In this study, fibrillation of soybean protein isolate (SPI) and β-conglycinin (7S)/glycinin (11S) in acid-heating with CaCl₂ concentration (0–200 mM) was explored. Fibril formation kinetics results showed the fastest fibril formation rate and the most fibrils with 80 mM CaCl₂ addition. Fourier-transform infrared (FTIR) spectroscopy, size distribution and Transmission electron microscopy (TEM) results demonstrated SPI fibril structure became more complete and occurred entanglement with CaCl₂ concentration increasing from 0 to 80 mM. When CaCl₂ addition was above 80 mM, ζ-potential, surface hydrophobicity (H₀) and free sulphydryl groups determination proved hydrophobic interaction among fibril built-units was hindered by charges shielded effect, and basic units of 11S were more exposed, aggregate morphology were changed to thicker fibrils or amorphous aggregates. The whole system with CaCl₂ has preferable antioxidant property and no cytotoxicity. The study provided a basis for optimizing SPI fibrillation in food industry.

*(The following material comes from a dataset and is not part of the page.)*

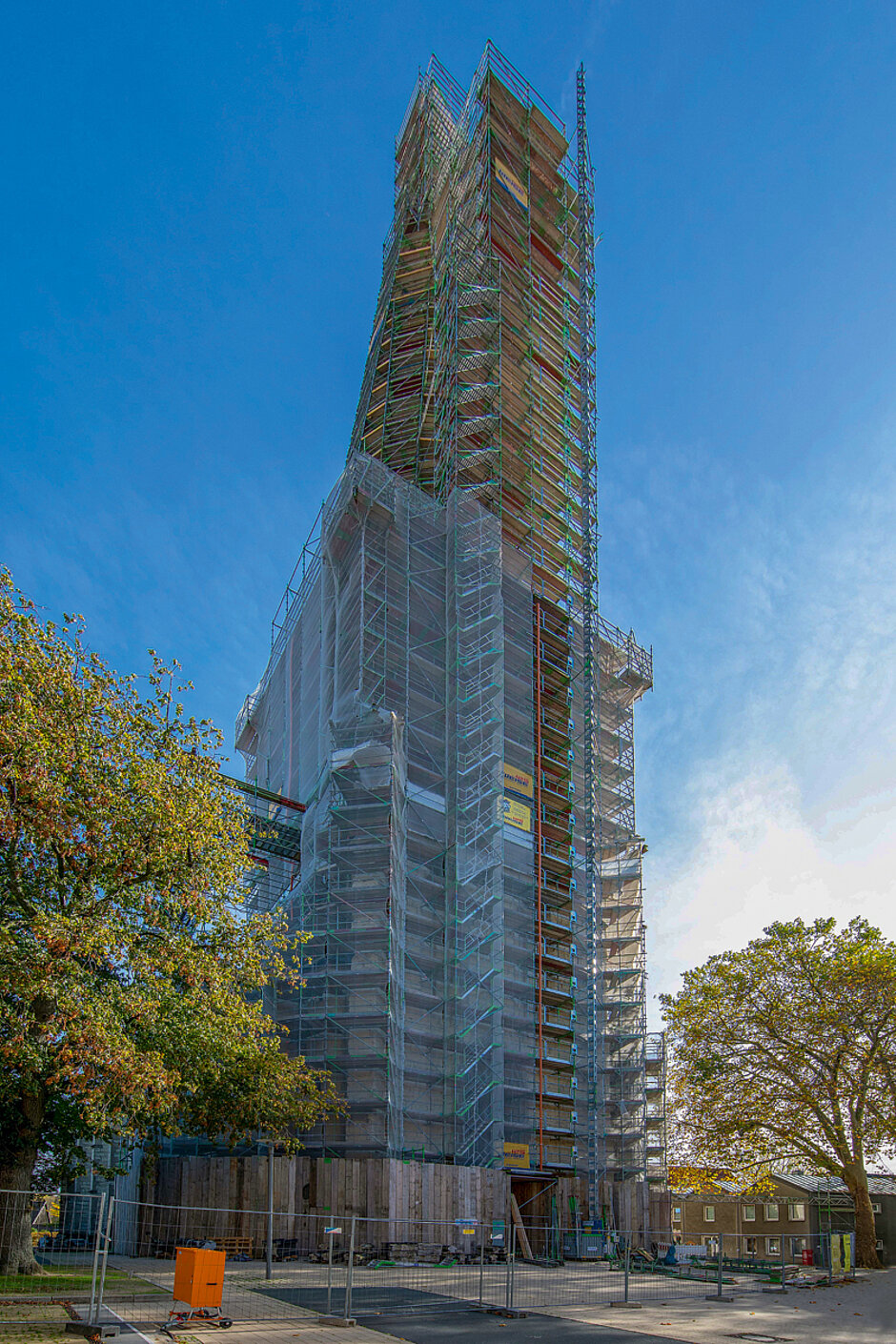 Das Traditionsunternehmen setzte für einen sicheren und bequemen Zugang, vom Sockel beginnend bis zur Turmspitze, auf einen Mix aus den Fassadengerüsten Plettac SL und Modulgerüsten Plettac Contur, um die gewünschten Natursteinarbeiten und Dachdeckerarbeiten durchführen zu können. Das Fassadengerüst Plettac SL punktet mit seiner selbstständigen Lotjustierung, die eine schnelle und sichere Montage gewährleistet. Das Modulgerüst vom Typ Plettac Contur verwenden die Spezialisten von C. O. Weise nach eigenen Angaben immer dort, wo neben hervorragender Standsicherheit auch höchste Flexibilität gefragt ist.

在这项研究中，探索了大豆分离蛋白 (SPI) 和 β-伴大豆球蛋白 (7S)/大豆球蛋白 (11S) 在 CaCl _{2浓度 (0–200 mM) 的酸加热条件下的原纤维化。原纤维形成动力学结果显示，添加 80 mM CaCl 2}时原纤维形成速度最快，原纤维数量最多。傅里叶变换红外 (FTIR) 光谱、尺寸分布和透射电子显微镜 (TEM) 结果表明，SPI 原纤维结构变得更加完整，并且随着 CaCl ₂浓度从 0 增加到 80 mM 发生纠缠。CaCl ₂添加量高于80 mM时，ζ电位、表面疏水性( H ₀) 和游离巯基测定证明原纤维结构单元之间的疏水相互作用受到电荷屏蔽效应的阻碍，11S 的基本单元暴露更多，聚集体形态变为更粗的原纤维或无定形聚集体。_{CaCl 2}整个体系具有较好的抗氧化性能，无细胞毒性。该研究为优化食品工业中的SPI原纤化提供了依据。